Aujourd’hui, la question n’est pas vraiment de savoir si la France a les moyens de mener l’essentiel d’une opération à laquelle elle ne devait, au départ, qu’apporter un soutien. La vraie question est de savoir si le pouvoir politique va décider que le pays doit payer le prix de cette intervention, ou si ce prix doit être payé par une nouvelle diminution des capacités des forces militaires du pays.
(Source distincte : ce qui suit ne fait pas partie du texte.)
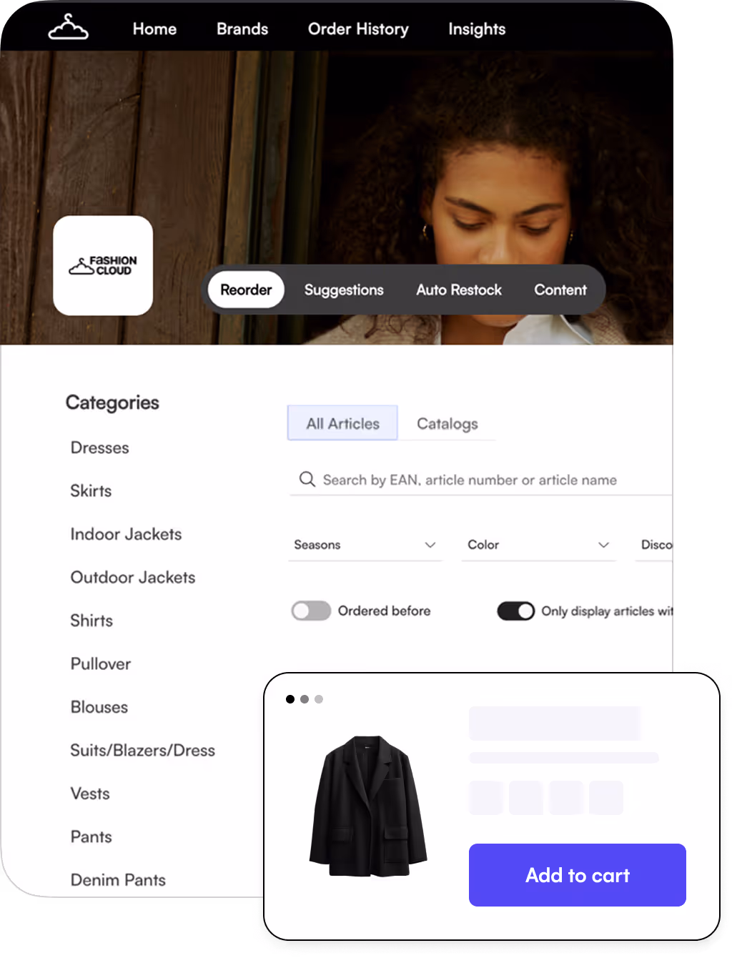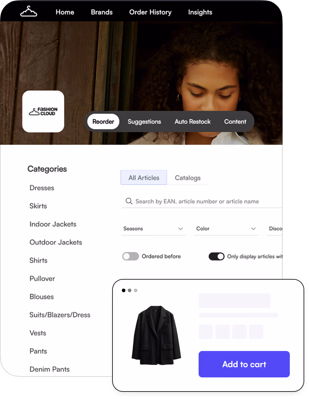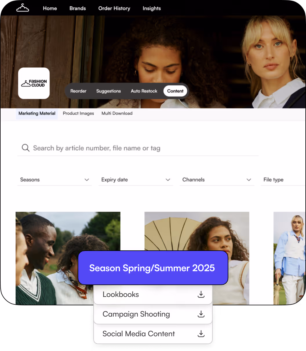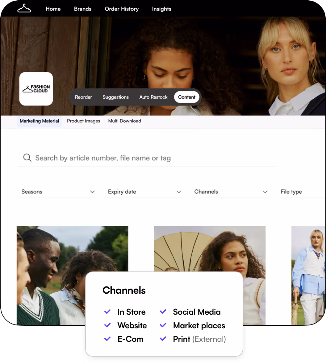 Fashion Cloud ist Europas führende B2B-Plattform, die entwickelt wurde, um die Verbindung zwischen Einzelhändlern und Marken zu vereinfachen und zu verbessern. Die Plattform optimiert das digitale Bestellmanagement, das Teilen von Inhalten und die smarte Nachbestückung, wodurch Einzelhändler Zeit sparen und ihre Effizienz steigern. Mit Tools wie Content, B2B und Smart Replenishment bietet Fashion Cloud einfachen Zugriff auf Produktbilder und -daten, Echtzeit-Bestandsinformationen und nahtlose Bestellungen – für ein kollaboratives Wholesale-Erlebnis.

La France dispose, à condition de faire certains choix de priorités, de suffisamment de matériel pour mener ce type d’opérations dans le domaine des hélicoptères, des blindés légers, des avions de combat. Elle dispose aussi de structures de commandement et de communication à peu près adaptées. Les principales lacunes résident dans le manque de moyens de reconnaissance et, surtout, de projection. Sur un théâtre aussi vaste et complexe que le Nord du Mali, le problème est bien davantage de trouver et de traquer les cibles que de les attaquer. Pour ce faire, le moyen le plus adapté est le drone, capable de survoler très longtemps une zone. Cela nécessite, au-delà des drones eux-mêmes, domaine dans lequel la France a un certain retard sur les Etats-Unis, des structures d’analyse de l’information et de transmission des données que nous ne possédons pas encore. Mais la plus criante des lacunes est l’absence de moyens de projection suffisants. La défense française n’a actuellement aucun moyen de transport stratégique en propre et est obligée de compter sur ses alliés ou sur des locations pour remplir cette fonction. Encore faut-il que ces moyens soient disponibles et que leurs propriétaires acceptent de les mettre à disposition. Pour le transport tactique, les capacités des C 130 et des Transall sont insuffisantes. Ces derniers sont de plus à bout de souffle. Cette situation qui va encore s’aggraver. L’A 400M a pris beaucoup de retard, et même son arrivée ne résoudra pas complétement le problème étant donné le nombre d’avions commandés.
Encore une fois, la principale question réside bien davantage dans la volonté des politiques que dans des considérations plus matérielles. La France a maintenu un effort de longue durée en Afghanistan. Elle a choisi de stopper cet effort et elle est maintenant dans l’obligation de demander l’aide de ceux qu’elle a laissés seuls. Elle aura encore besoin de leur coopération aussi longtemps que les opérations dureront au Mali. Il faudra de plus prendre en charge, pour l’équipement, la formation et le soutien, les forces africaines. A ce jour, ce sont elles qui ont vocation à prendre la relève des forces françaises, en particulier pour tenir le terrain dans le Nord, mais elles ne sont techniquement pas autonomes. Tout ceci aura un coût important que la France devra assumer pour la plus grande part.
La France ne pourra continuer d’assumer ce type d’opérations dans le futur que si les capacités de ses armées sont maintenues et régénérées. Ce qui veut dire qu’il faudra non seulement ne pas réduire les moyens dont les armées disposent, mais les maintenir en état quantitatif et qualitatif, ce qui impose de leur accorder un niveau de priorité bien supérieur à celui qui est envisagé. C’est le prix à payer pour garder notre crédibilité sur la scène internationale.